B. The Defendant Industrial Bank of Korea completed the registration of creation of a neighboring mortgage (No. 20976) with the debtor E and the maximum debt amount of KRW 540,000,000,000 on the real estate indicated in the text. The registration of creation of a new mortgage was transferred to Defendant A on June 27, 2013 due to subrogation on the ground of the registration of creation of a new mortgage.

C. On the other hand, the defendant Industrial Bank of Korea completed the registration of the establishment of the neighboring mortgage on the real estate indicated in the order that the debtor D and the maximum debt amount shall be KRW 540,000,000.

The Pakistan Savings Bank was declared bankrupt on October 30, 2012, and the plaintiff was appointed as a trustee in bankruptcy on the same day.

[Reasons for Recognition] Each entry of Gap 1 and 2 (including paper numbers), the purport of the whole pleadings

2. The right to collateral security against Defendant A is for the purpose of collateral security, and in principle, the obligee and the mortgagee shall be the same person.
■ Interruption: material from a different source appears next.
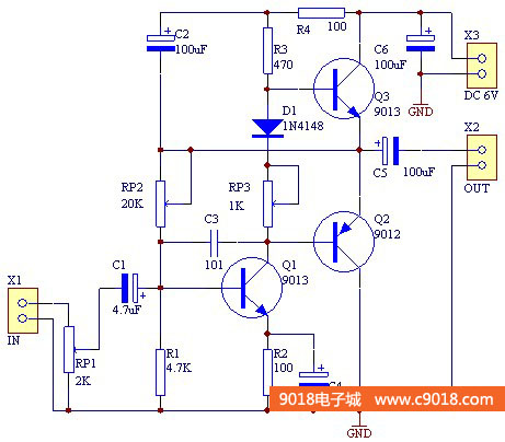 Q1是激勵放大管,它給功率放大輸出級以足夠的推動信號;R1、RP2是Q1的偏置電阻;R3、D1、RP3串聯在Q1集電極電路上,為Q3提供偏置,使其靜態時處于微導通狀態,以消除交越失真;C3為消振電容,用于消除電路可能產生的自激;Q2、Q3是互補對稱推挽功率放大管,組成功率放大輸出級;C2、R4組成“自舉電路”,R4為限流電阻。

Where the right to collateral security is established in the name of a third party who is not the obligee, there is an agreement between the obligee, the obligor, and the third party regarding the right to collateral security, and there is no special circumstance to deem that the right has been actually reverted to the third party by means of assignment of claims, a contract for a third party, an indivisible relationship, etc., the registration of creation of

(See Supreme Court Decision 2006Da50055 Decided January 11, 2007, etc.). However, according to the overall purport of the arguments as to the statement No. 3, it is acknowledged that Defendant A paid money to the Industrial Bank of Korea on June 27, 2013 instead of E was actually borne by the e-mailing Tourism Development Company. Thus, there is no evidence to acknowledge that the claim for reimbursement against e of e-mail was actually reverted to Defendant A. Thus, it is an actual obligee.